С самого утра Батя долго мялся, но, в конце концов, все же сообщил нам, что хочет предоставить верной супруге неопровержимые доказательства своего примерного поведения в санатории. Для этого он заказал барышне, которая днями бродит здесь с любительской видеокамерой и всем предлагает свои сомнительные услуги, «маленьке кіно», которое он и предоставит в качестве видеоотчета о проведенном отдыхе и лечении. И он очень просит нас принять в этом мероприятии посильное участие. Вопреки его ожиданиям, мы радуемся, как дети, по ходу сожалея, что эпизоды на грязях, в спортзале, бассейне, массажном кабинете и на пляже уже отсняты днем. Остался лишь прощальный ужин, на котором «треба, щоб були ви з дівчатами. Вони — це ваші дружини, ясно?»

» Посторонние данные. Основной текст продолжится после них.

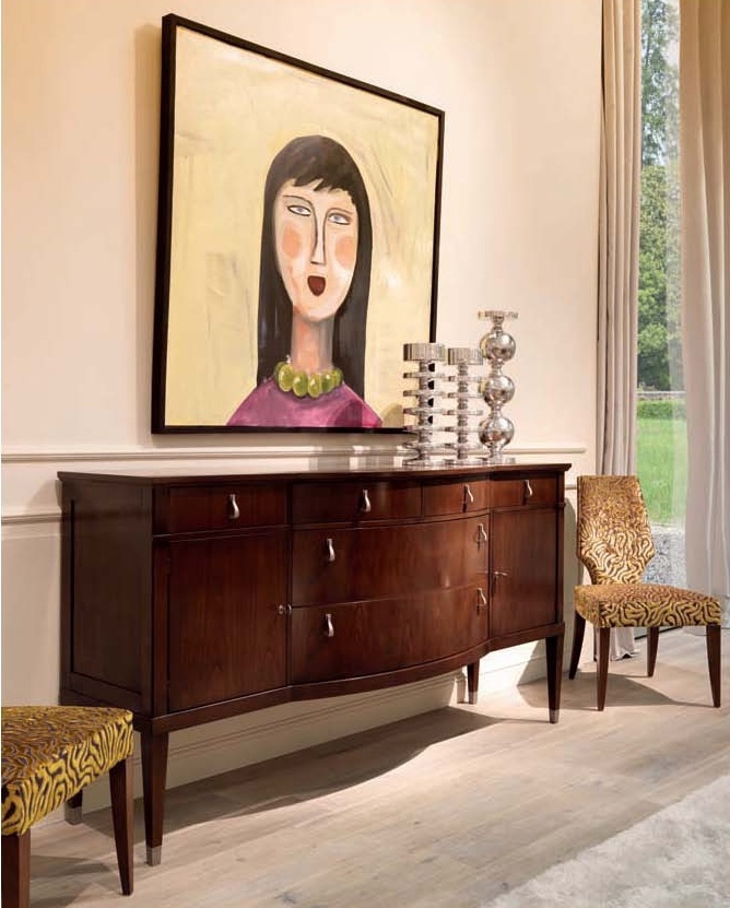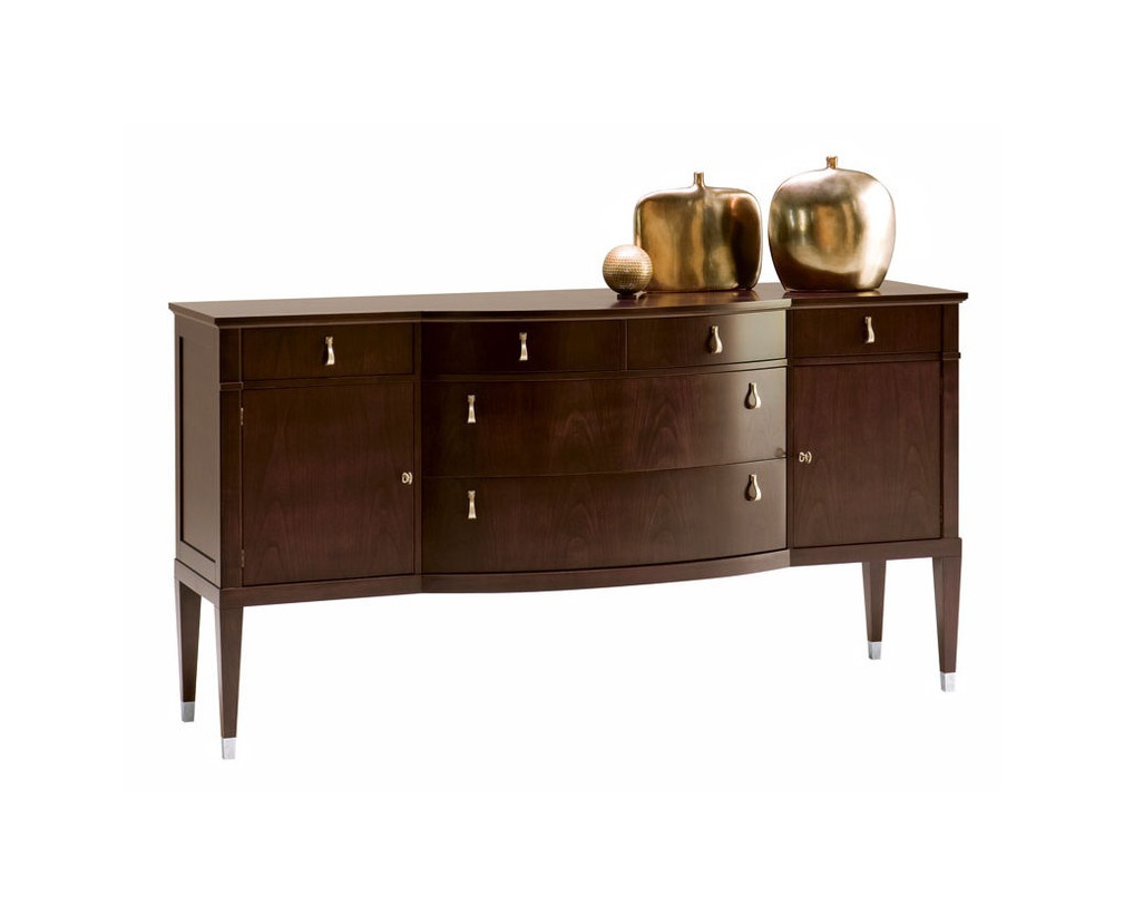 A chest of drawers on high legs Rubens production Selva. The frame is made of solid alder, finished with veneer of cherry. Chest with two large and four small drawers. Two doors burrow a key. Metal inserts on the legs and fittings in silver color. The model is made in modern style.

Мы чинненько рассаживаемся за сдвинутыми столами, на которых стоят зеленые салатики, порезанный лимон и ма-а-аленькая прощальная бутылка коньяка, и ждем шашлыков. Феллини в юбке наводит видеокамеру на Батю, он встает и говорит, что вот здесь, за этим столом, собрались его друзья, их жены, что вместе с нами он, как огонь, воду и медные трубы, прошел все лечебно-оздоровительные процедуры, да что об этом долго говорить, тем более, ему самому, пусть все скажут они (то есть мы).

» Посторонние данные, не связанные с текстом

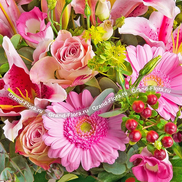 Стандартный: лилия розовая - 2 шт., роза розовая - 5 шт., гербера розовая - 4 шт., эустома розовая - 3 шт., гиперикум красный - 3 шт., эвкалипт - 3 шт., рускус - 3 шт., бант розовый.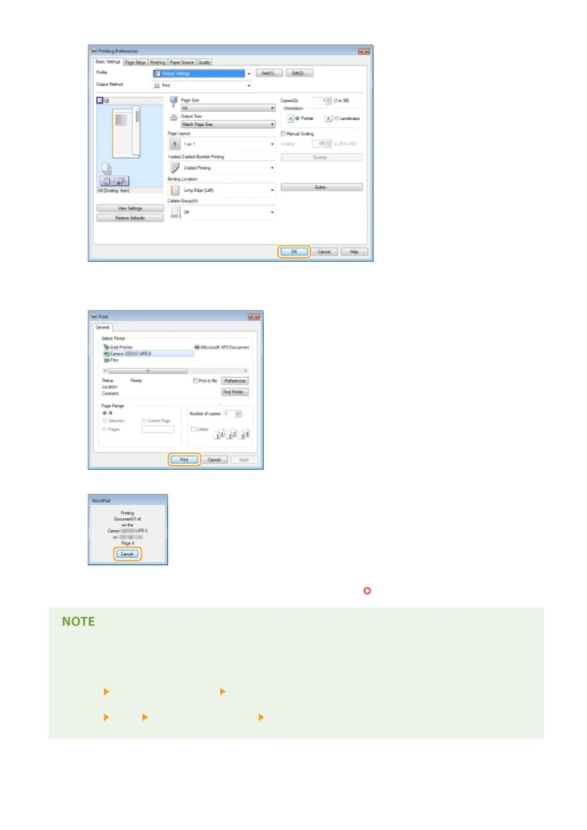 ● To cancel printing, click [Cancel] when the screen shown above is displayed. After the screen disappears or if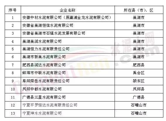 圖:安徽、寧夏2017年強制性清潔生產(chǎn)審核水泥企業(yè)名單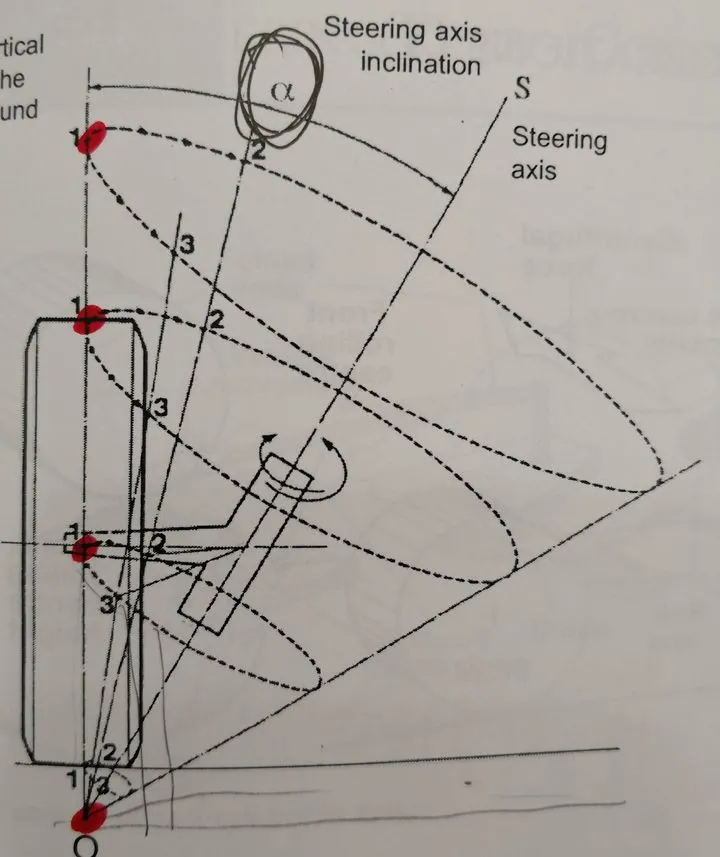 2.2 从侧面看,转向轴顶部向后倾斜,这个角度叫做主销后倾角

Первым встает Че. Он готовился, его речь — плод коллективного творчества — должна быть усыпана скромными, но вескими похвалами Бате. Но Че смотрит на девчонок, смотрит в объектив, потом на меня, и я понимаю, что у него ничего сейчас не получится. Он ржет, извиняется перед Батей, перед оператором, выпивает свой коньяк и садится. Делать нечего, встаю я. Начинаю говорить, что я так счастлив, я и моя жена, да, мы очень счастливы, что на нашем жизненном пути в этом санатории (наклоняюсь, целую Марину в щеку) мы встретили вашего мужа, уважаемого… Тут я понимаю, что совсем не знаю, как зовут Батю, смотрю вопросительно на Че, тот снова ржет, я говорю, что да, вот сейчас мне жена что-то хочет сказать, наклоняюсь и, перепутав, целую теперь уже Наташу, все опять ржут. Я сажусь, выпиваю свой коньяк и извиняюсь перед Батей. Оператор нервничает, но сообщает Бате, что это можно будет вырезать, а потом склеить, то есть смонтировать, Батя тоже говорит, что это ничего, мол, Наташа поддакивает («Можно взять до поцелуя».) и встает с целью сказать тост в честь Бати. Она начинает абсолютно пафосно, еще пафосней, чем я, еще чуть-чуть, и она выронит слезу.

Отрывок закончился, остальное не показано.